The HBA dataset is divided into two sub-datasets, the sample dataset and the evaluation dataset. The sample dataset will contain 2 books while the evaluation dataset will be composed of the 9 remaining books. Each dataset will be composed of a set of training images and a set of test images. The training dataset will contain a reduced number of book pages, along with their ground truth in the TXT format. The training images are representative of different contents and layouts of the book pages. On the other side, the test dataset will be composed of images representing the remainder book pages.

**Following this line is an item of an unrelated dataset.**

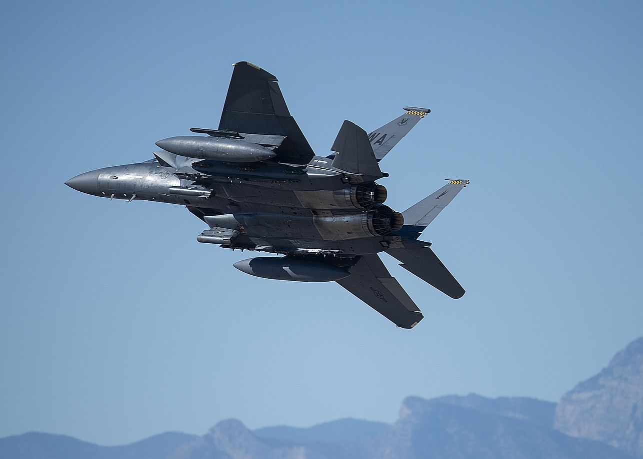 An F-15E Strike Eagle assigned to the 17th Weapons Squadron performs an air maneuver during the Aviation Nation 2019 air show at Nellis Air Force Base, Nevada, Nov. 16, 2019. The F-15E is a dual-role fighter designed to perform air-to-air and air-to-ground missions at low altitudes, day or night and in all weather conditions. (U.S. Air Force photo by Airman 1st Class Bryan Guthrie)
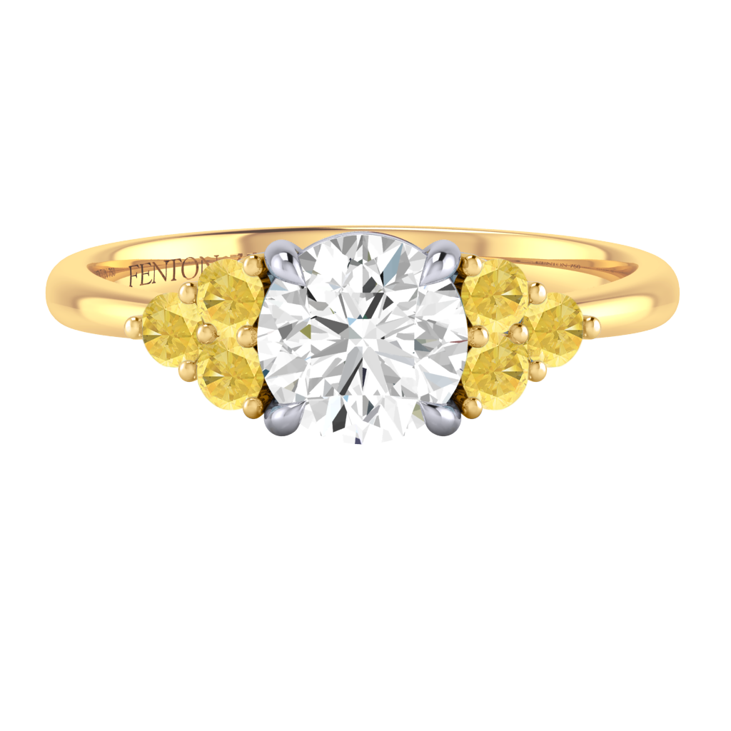 Your glistening Round Solar Diamond has a EF V/S quality rating and is framed on either side by a trefoil cluster of three 1.8mm round brilliant cut Yellow Sapphire stones, each securely held into place in a claw setting. The design draws the eye to the glistening Solar Diamond centre stone, sitting proudly in a classic open gallery setting crafted from solid Platinum. The open setting of this design allows the light to reflect in all directions, creating a lustrous and sparkling look.

All pages of the 2 selected books to compose the sample dataset, along with their ground truths will be provided. Few pages will be selected from each book of the 2 books of the sample dataset, to constitute the training dataset. These selected pages should contain all content classes of the analyzed books. Then, only the ground truths of few pages of the remaining books (i.e. 9 books) will be provided to constitute the training dataset of the evaluation dataset.
It is worth pointing out that the content classes in the HBA dataset have very different headcounts. Indeed, the textual content is predominant in monographs, compared to the graphical content. Moreover, among the textual content a great majority represent the body text while other character fonts are more marginal.
This imbalanced headcounts between classes varies from one book to another book in the HBA dataset. Nevertheless, our goal consists in evaluating a method which will automatically annotates an important number of book pages, based on a limited number of manually annotated pages of the same book.